# how to spice things up? suggestions welcome.



## rattlertx17 (May 8, 2012)

Wife and I have been married almost 3 years. We have a great relationship and things have definitely gotten better after starting to work out again. We are both physically attracted to each other and enjoy sex. Lately it seems we start it the same, go through the motions, and check it off a to-do list. Definitely not her fault or mine, just havent found anything new in a while that makes us both excited to get down. We introduced watching porn together a couple times but not sure it is her favorite. I suggested oil/massage, which we like but dont do all the time because it is messy, kind of save for date nights. Basically looking for suggestions as to some new things to add to our repertoire to spice things up. Toys? Techniques? Finger here? Mouth there? etc... I am open to suggestions too, things I would enjoy. Am pretty conservative but am open to ideas of things to suggest to her to try on me. Maybe she would have more fun during if she knew I was over the clouds, I know I enjoy it more when I know she is. 

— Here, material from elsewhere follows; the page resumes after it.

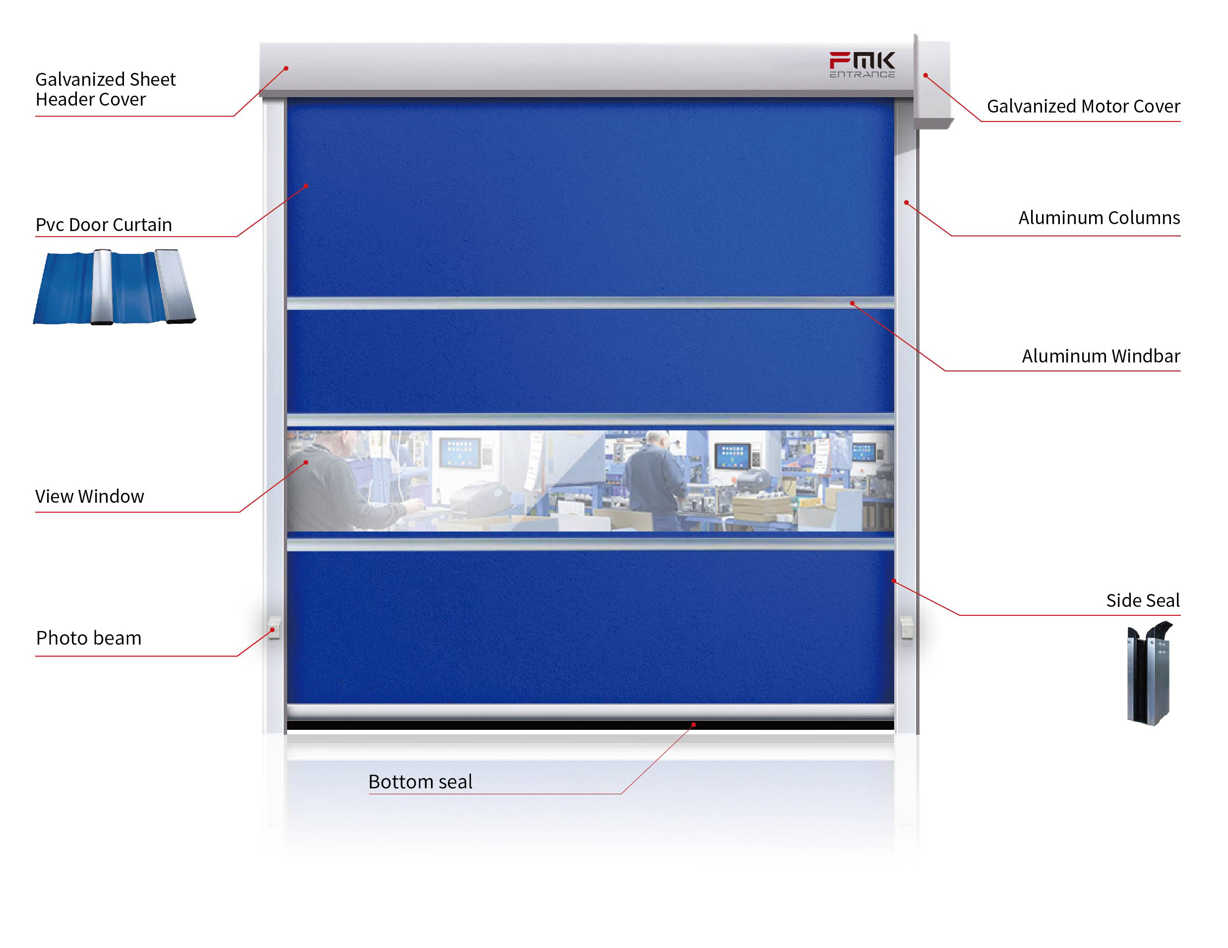 High-speed rolling doors typically used in industrial and commercial settings. They are designed to open and close quickly, providing benefits like improved energy efficiency, security, and productivity. These doors are commonly used in warehouses, manufacturing facilities, and logistics centers to facilitate the smooth flow of goods and personnel.
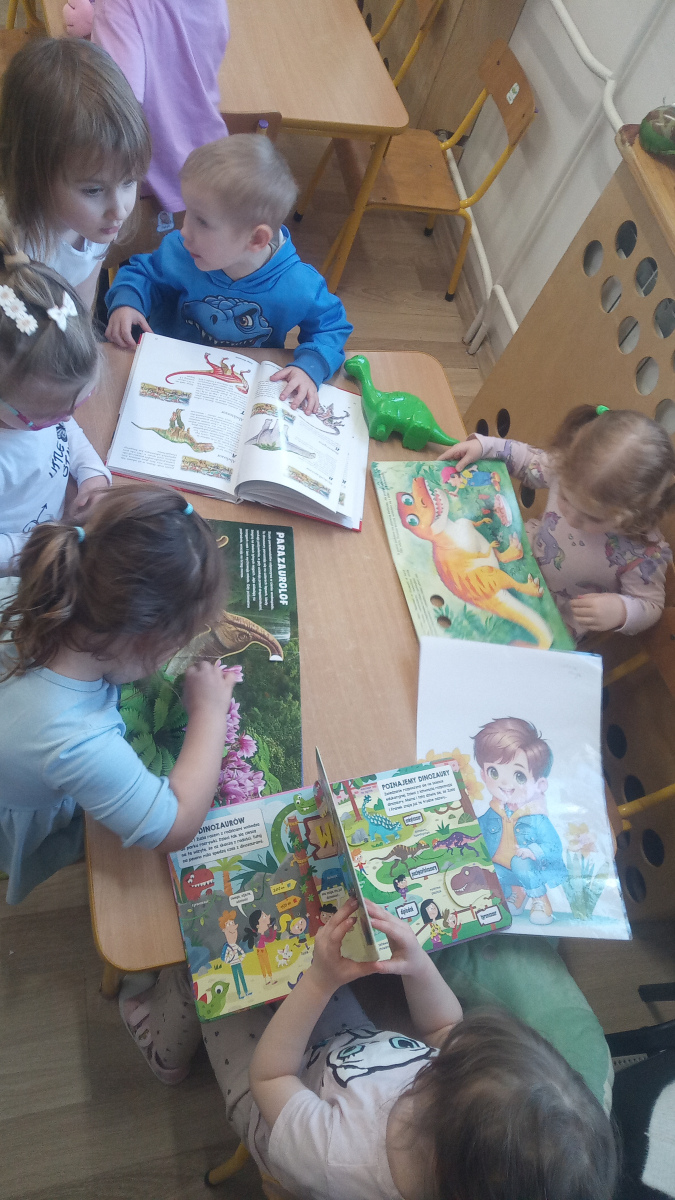 Dzieci z ogromnym entuzjazmem świętowały Dzień Dinozaura, bawiąc się wspólnie przy muzyce i naśladując ruchy swoich ulubionych dinozaurów – były groźne miny, donośne ryki i ciężkie, „dinozaurowe” kroki 🦕🎶.Nasi mali odkrywcy wcielili się również w rolę paleontologów – z wielkim zaangażowaniem poszukiwali „skamieniałości” i odkrywali prehistoryczne znaleziska 🦴🔎Nie zabrakło zabawy zmysłoplastycznej – dzieci z ciekawością „wykluwały” dinozaury z jaj, ćwicząc przy tym małą motorykę i rozwijając swoje zmysły 🥚🦖Z wielkim zainteresowaniem oglądały także książeczki o dinozaurach w 3D, które pozwoliły im jeszcze lepiej poznać świat prehistorycznych stworzeń 📚✨Powstały również piękne plakaty „Świat dinozaurów”, pełne kolorowych, niezwykłych okazów 🖍️🎨 A na koniec przedszkolaki układały dinozaurowe puzzle z obrazka, ćwicząc spostrzegawczość i współpracę 🧩🦕To był dzień pełen radości, śmiechu i fascynujących odkryć! 🌟Dziękujemy naszym małym badaczom za wspólną podróż do świata dinozaurów! 🦕💚

Another concern, when going down on her, she seems to be way more ticklish than enjoying it. She is generally pushing my head away and ready for it to be over with. One of my concerns is that once she said she gets nervous when she feels like she is going to orgasm because she feels like she will "wet herself". From what I understand that sensation is normal, but doesnt actually occur. Any way to get her to keep going when she gets that feeling or get the entire act to be less ticklish and more enjoyable? She has been incredibly accommodating on most things in this area of our marriage, want to make sure she is as happy as I am.


----------



## Anon Pink (Jan 17, 2013)

If you don't have kids, you could make a game of sex by saying, we can't have sex in our bed for two weeks. We have to sex in other places. You could make her sit on your lap while you have dinner. You could pretend to be connected at the hip during meal prep or clean up, she uses your arms to wash and wipe or slice and dice. <- very messy but fun with the right attitude. Whenever a commercial for a car comes on, you loose an article of clothing. Whenever a commercial for a household consumable comes on, she looses and article of clothing. A commercial for a movie or TV show, you both have to remove something.

Essentially, you need to take sex out of the bedroom on a regular basis.

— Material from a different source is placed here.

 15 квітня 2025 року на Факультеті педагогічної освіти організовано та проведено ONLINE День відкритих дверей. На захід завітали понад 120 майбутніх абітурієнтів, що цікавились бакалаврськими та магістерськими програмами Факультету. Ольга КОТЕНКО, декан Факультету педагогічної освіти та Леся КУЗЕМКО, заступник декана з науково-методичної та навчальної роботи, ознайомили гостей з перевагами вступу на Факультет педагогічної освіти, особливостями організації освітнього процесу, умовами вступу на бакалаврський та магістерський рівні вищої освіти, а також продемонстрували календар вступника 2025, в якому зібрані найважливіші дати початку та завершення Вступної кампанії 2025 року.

The last part of your post, lots of younger women are afraid to orgasm during cunilingus. To get her over the "hump" remove you mouth when she's near her orgasm and just use your fingers.


----------



## relationshipsguide_gal (Apr 6, 2013)

i actually have the same problem of feeling like i'm gonna 'wet myself'. what helps for me though is that my fiance lets me use the bathroom first.. (to help remove my anxiety).

buy her sexy lingerie. usually a girl who wears and sees herself often in sexy lingerie will eventually feel sexy and in-the-mood .. also, set the mood in your bedroom. 

you might also want to try playing cuddling-without-sex (hugging, touching, kissing but with strict rule of NO sex). this will actually make you YEARN for sex. best of luck! - mae (relationshipsguide_gal)


----------